Station Eleven’s set up is typical for a post-apocalyptic story: worldwide epidemic (in this case, the Georgia Flu) wipes out nearly everyone (in this case, 99%) in a short amount of time (in this case, less than a week). Lucky survivors toughen up or die in the new world, quickly learning how to live without modern technology, grieving their lost loved ones–and lost comforts–and try to figure out what’s next for themselves and humanity. Babies are born, people band together, life is brutal and often short. Settlements spring up where people land–airports, gas stations. Old World technologies–fancy preserved food, batteries, clothes, plastics, bullets–are used up, worn down, cherished.
Mandel takes this and does something…well, it’s not quite new, but it’s definitely good. After all, a story is in the telling. She shifts in the storytelling: apocalypse, post-apocalypse, pre-apocalypse, slowly filling in the blanks and coloring in the connections between survivors, lovers, ex-wives, casual acquaintances, objects that have touched many hands and made it to the end of the world. The end result is incredibly satisfying–honestly, more satisfying than I thought it would be!

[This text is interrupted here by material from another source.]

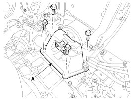 17. Remove the automatic transaxle support bracket mounting bolt (A).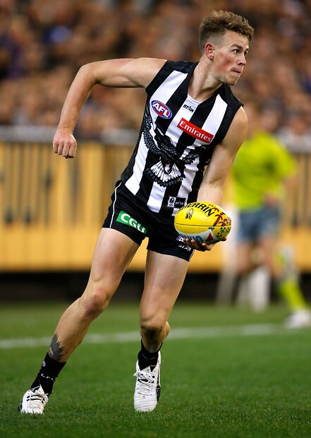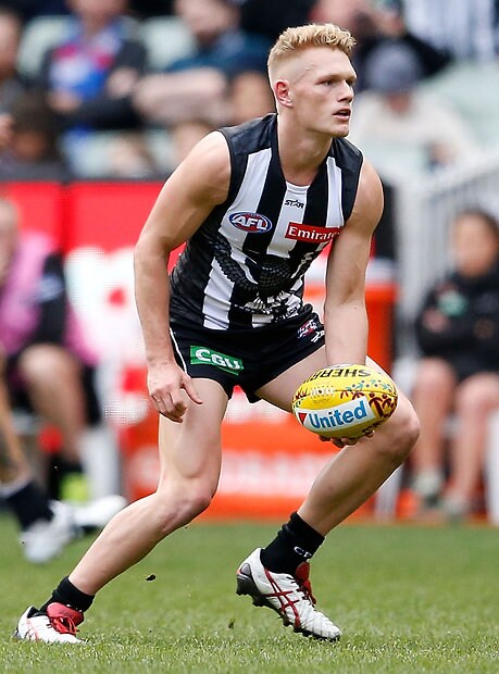 MELBOURNE, AUSTRALIA - MAY 29: Taylor Adams of the Magpies kicks the ball during the 2016 AFL Round 10 match between the Collingwood Magpies and the Western Bulldogs at the Melbourne Cricket Ground on May 29, 2016 in Melbourne, Australia. (Photo by Adam Trafford/AFL Media)

We start with a famous actor, Arthur Leander, performing King Lear on stage in Toronto, who drops dead on stage. Papparazzo-turned-EMT Jeevan Choudhury rushes to his side but is unable to save him, and briefly comforts one of the small child actors, Kirsten. Mandel gradually and deliberately introduces us to Arthur’s three ex-wives (pre-apocalypse), a roving band of musicians and actors called the Symphony (post-apocalypse), an enigmatic and creepy figure known only as The Prophet (post-), and Arthur’s oldest friend Clark, who straddles pre- and post-. There are a lot of musings on the lasting impressions and value of culture, both Shakespearean and pop (“Survival is insufficient” is the Symphony’s motto, taken from Star Trek), and Mandel’s exploration of friendship, love, and regret rings true.
I almost felt there were a few too many convenient coincidences–I mean, what are the chances that so many people had connections to Arthur Leander? And I am wary of plots that rely heavily on A Famous Celebrity to show the connections between characters and comment on Modern Society and Celebrity Culture–it so often seems like a storytelling cop out. But Mandel does this so well, using the celebrity connections to highlight, and not ham-handedly, how much coincidences, relationships, and, well, things, matter–that personal project no one else seems to care about, that object that you keep just because it’s beautiful, those letters you jot off and forget about, the woman who handed you this morning’s coffee (and, in fact, this morning’s coffee itself, a miracle of connectivity across a huge planet.)
Mandel also does a great job of addressing, sometimes indirectly and without answers, Apocalypse Questions: Where is God in all this? Where do we go from here? What do we teach our children about the old world? Do we, right now, rely too much on technology? What do people do when they’ve lost everything?
Station Eleven is well-plotted, well-paced, and, importantly, tender. It’s thoughtful and smart, and after I got over my initial distrust of the celebrity trope, I thoroughly enjoyed it.